Le donne straniere sono particolarmente esposte alla violenza, soprattutto da parte dei partner o ex partner (20,4%). Le conseguenze della violenza sono gravi e durature, sia sul piano fisico che psicologico, e spesso le vittime non trovano il sostegno adeguato per denunciare gli abusi e uscire dalla spirale di violenza.
Per sensibilizzare l’opinione pubblica e promuovere una cultura del rispetto e dell’uguaglianza tra i generi, il cinema può svolgere un ruolo importante, raccontando storie di donne che hanno affrontato e superato la violenza, mostrando le difficoltà, le paure, le resistenze, ma anche le risorse, le speranze, le opportunità.
Un esempio di questo tipo di cinema è il film “C’è ancora domani”, opera prima di Paola Cortellesi, che ne è anche la protagonista e la sceneggiatrice.
Il film, presentato alla 18ª edizione della Festa del Cinema di Roma, ha ottenuto due premi, tra cui il premio speciale della giuria e una menzione speciale come miglior opera prima.

Per quei pochi (si spera) che non hanno ancora visto il film, ecco la trama.
Il film è ambientato nella Roma del 1946, tra le macerie della guerra e il fermento del referendum istituzionale e dell’elezione dell’Assemblea Costituente. Delia (Paola Cortellesi) è una donna che vive in una condizione di oppressione e violenza da parte del marito Ivano (Valerio Mastandrea), un uomo autoritario e violento, che la maltratta fisicamente e verbalmente, e del suocero Ottorino (Giorgio Colangeli), un vecchio dispotico e livoroso.
Delia ha tre figli, tra cui la primogenita Marcella (Romana Maggiora Vergano), che disprezza la madre per la sua passività e sogna di sposarsi con un ragazzo di buona famiglia, Giulio (Francesco Centorame), per cambiare vita.
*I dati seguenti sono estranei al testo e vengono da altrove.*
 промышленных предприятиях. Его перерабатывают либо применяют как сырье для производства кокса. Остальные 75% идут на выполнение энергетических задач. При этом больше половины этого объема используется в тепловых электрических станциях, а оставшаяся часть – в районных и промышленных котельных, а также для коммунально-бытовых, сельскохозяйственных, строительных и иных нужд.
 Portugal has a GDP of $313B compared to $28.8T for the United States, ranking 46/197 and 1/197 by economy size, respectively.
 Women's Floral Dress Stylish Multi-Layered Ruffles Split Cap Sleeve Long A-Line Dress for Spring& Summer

Delia accetta la sua situazione senza ribellarsi, pensando che sia il suo destino, e trova conforto nell’amicizia con Marisa (Emanuela Fanelli), una donna allegra e ottimista, e in Nino (Vinicio Marchioni), un meccanico con cui ha avuto una relazione in passato.
Un giorno, però, Delia riceve una lettera misteriosa, che le dà la forza di reagire e di immaginare un futuro diverso, non solo per lei, ma anche per i suoi figli e per le altre donne.
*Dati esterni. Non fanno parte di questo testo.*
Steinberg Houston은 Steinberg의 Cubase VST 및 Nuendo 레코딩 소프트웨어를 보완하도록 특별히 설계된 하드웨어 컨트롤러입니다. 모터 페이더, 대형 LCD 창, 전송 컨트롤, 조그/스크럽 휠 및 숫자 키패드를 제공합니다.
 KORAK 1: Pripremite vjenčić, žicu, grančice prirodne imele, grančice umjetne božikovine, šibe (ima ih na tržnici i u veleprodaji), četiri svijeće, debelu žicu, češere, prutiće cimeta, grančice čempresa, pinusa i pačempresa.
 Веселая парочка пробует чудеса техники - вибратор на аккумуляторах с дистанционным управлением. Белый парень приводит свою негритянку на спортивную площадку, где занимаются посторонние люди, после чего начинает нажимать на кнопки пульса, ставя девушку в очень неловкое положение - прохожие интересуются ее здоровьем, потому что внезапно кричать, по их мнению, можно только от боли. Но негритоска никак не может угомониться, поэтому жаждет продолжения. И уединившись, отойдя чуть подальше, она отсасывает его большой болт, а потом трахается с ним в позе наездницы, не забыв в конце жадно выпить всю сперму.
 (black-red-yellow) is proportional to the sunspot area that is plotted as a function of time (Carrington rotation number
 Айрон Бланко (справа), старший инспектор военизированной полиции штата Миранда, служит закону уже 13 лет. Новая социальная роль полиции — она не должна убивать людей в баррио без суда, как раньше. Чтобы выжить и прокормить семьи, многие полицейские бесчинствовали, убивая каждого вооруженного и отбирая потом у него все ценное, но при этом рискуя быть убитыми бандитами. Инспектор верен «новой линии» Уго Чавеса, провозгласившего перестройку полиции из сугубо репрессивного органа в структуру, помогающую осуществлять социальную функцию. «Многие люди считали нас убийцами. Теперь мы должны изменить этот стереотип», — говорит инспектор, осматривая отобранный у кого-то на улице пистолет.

Il film di Paola Cortellesi è un’opera di grande valore artistico e sociale, che riesce a coniugare il dramma con la commedia, la storia con l’attualità, la denuncia con la speranza.
La regista e attrice dimostra una grande sensibilità e una profonda conoscenza del tema della violenza di genere, che affronta con delicatezza, ma anche con coraggio e determinazione.
Il film non si limita a mostrare la sofferenza e la paura delle vittime, ma anche la loro forza e il loro desiderio di cambiamento. Il film non si concentra solo sulla violenza domestica, ma anche su altre forme di violenza e discriminazione che le donne subiscono nella società, come la violenza sessuale, lo sfruttamento, il razzismo, il sessismo.
Il film non si arrende alla rassegnazione e al fatalismo, ma propone una visione positiva e propositiva, basata sui valori della libertà, della democrazia, della solidarietà, dell’educazione, della cultura.
Il film di Paola Cortellesi è un film che deve essere visto dai ragazzi e dagli uomini di oggi, perché offre una lezione di civiltà e di umanità.
Perché invita a riflettere sulle radici e sulle conseguenze della violenza di genere, perché stimola a prendere coscienza e a responsabilizzarsi.
Perché incoraggia a contrastare e a prevenire la violenza, perché promuove una cultura del rispetto e dell’uguaglianza tra i generi.
Il film di Paola Cortellesi è un film che fa bene sì, alle donne, ma anche agli uomini, perché dimostra che la violenza non è una questione di sesso, ma di potere, che la violenza non è una fatalità, ma una scelta, che la violenza non è una soluzione, ma un problema, che la violenza non è mai giustificabile, ma sempre condannabile, che la violenza non è mai l’ultima parola, ma c’è sempre domani.